这样底层的InputDisptcher在dispatch 给当前InputChannel InputEvent的同时,掐表记录分发时间等待超时,通知上层InputManagerService上报的AMS,轻松抓抛出ANR。 但是InputManager却不大相同,下面来大致看下;
InputDispatcher在分发事件时分别会通过dispatchKeyLocked和dispatchMotionLocked来分发KeyEvent和MotionEvent:
// frameworks/native/services/inputflinger/InputDispatcher.cpp
bool InputDispatcher::dispatchKeyLocked(nsecs_t currentTime, KeyEntry* entry,
DropReason* dropReason, nsecs_t* nextWakeupTime) {
...
// Identify targets.
Vector<InputTarget> inputTargets;
int32_t injectionResult = findFocusedWindowTargetsLocked(currentTime,
entry, inputTargets, nextWakeupTime);
if (injectionResult == INPUT_EVENT_INJECTION_PENDING) {
return false;
}
setInjectionResultLocked(entry, injectionResult);
if (injectionResult != INPUT_EVENT_INJECTION_SUCCEEDED) {
return true;
}
addMonitoringTargetsLocked(inputTargets);
// Dispatch the key.
dispatchEventLocked(currentTime, entry, inputTargets);
return true;
}
bool InputDispatcher::dispatchMotionLocked(
nsecs_t currentTime, MotionEntry* entry, DropReason* dropReason, nsecs_t* nextWakeupTime) {
// Preprocessing.
...
int32_t injectionResult;
if (isPointerEvent) {
// Pointer event. (eg. touchscreen)
injectionResult = findTouchedWindowTargetsLocked(currentTime,
entry, inputTargets, nextWakeupTime, &conflictingPointerActions);
} else {
// Non touch event. (eg. trackball)
injectionResult = findFocusedWindowTargetsLocked(currentTime,
entry, inputTargets, nextWakeupTime);
}
if (injectionResult == INPUT_EVENT_INJECTION_PENDING) {
return false;
}
...
dispatchEventLocked(currentTime, entry, inputTargets);
return true;
}
以Keyevent为例,这里会经过findFocusedWindowTargetsLocked,中间会监听当前的窗口是否是在等待更多的输入:
// frameworks/native/services/inputflinger/InputDispatcher.cpp
int32_t InputDispatcher::findFocusedWindowTargetsLocked(nsecs_t currentTime,
const EventEntry* entry, Vector<InputTarget>& inputTargets, nsecs_t* nextWakeupTime) {
int32_t injectionResult;
String8 reason;
...
// Check whether the window is ready for more input.

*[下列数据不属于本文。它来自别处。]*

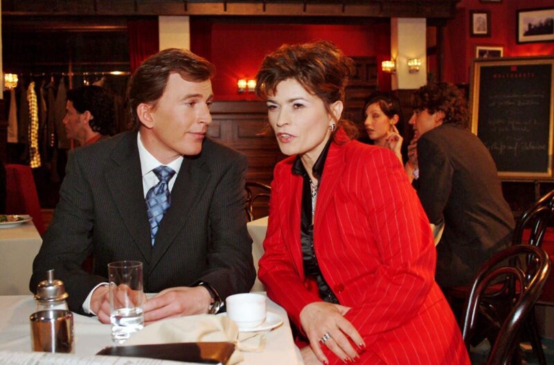 • Helga (Ulrike Mai, r.) ist überwältigt, als Bernd (Volker Herold, l.) sie mit Blumen und einer Liebeserklärung überrascht.

reason = checkWindowReadyForMoreInputLocked(currentTime, mFocusedWindowHandle, entry, "focused");
if (!reason.isEmpty()) {
injectionResult = handleTargetsNotReadyLocked(currentTime, entry,
mFocusedApplicationHandle, mFocusedWindowHandle, nextWakeupTime, reason.string());
goto Unresponsive;
}
...
Failed:
Unresponsive:
nsecs_t timeSpentWaitingForApplication = getTimeSpentWaitingForApplicationLocked(currentTime);
updateDispatchStatisticsLocked(currentTime, entry,
injectionResult, timeSpentWaitingForApplication);
return injectionResult;
}
然后进入handleTargetsNotReadyLocked监听上一次输入事件是否超时:
// frameworks/native/services/inputflinger/InputDispatcher.cpp
int32_t InputDispatcher::handleTargetsNotReadyLocked(nsecs_t currentTime,
const EventEntry* entry,
const sp<InputApplicationHandle>& applicationHandle,
const sp<InputWindowHandle>& windowHandle,
nsecs_t* nextWakeupTime, const char* reason) {
...
if (currentTime >= mInputTargetWaitTimeoutTime) {
onANRLocked(currentTime, applicationHandle, windowHandle,
entry->eventTime, mInputTargetWaitStartTime, reason);
// Force poll loop to wake up immediately on next iteration once we get the
// ANR response back from the policy.
*nextWakeupTime = LONG_LONG_MIN;
return INPUT_EVENT_INJECTION_PENDING;
} else {
// Force poll loop to wake up when timeout is due.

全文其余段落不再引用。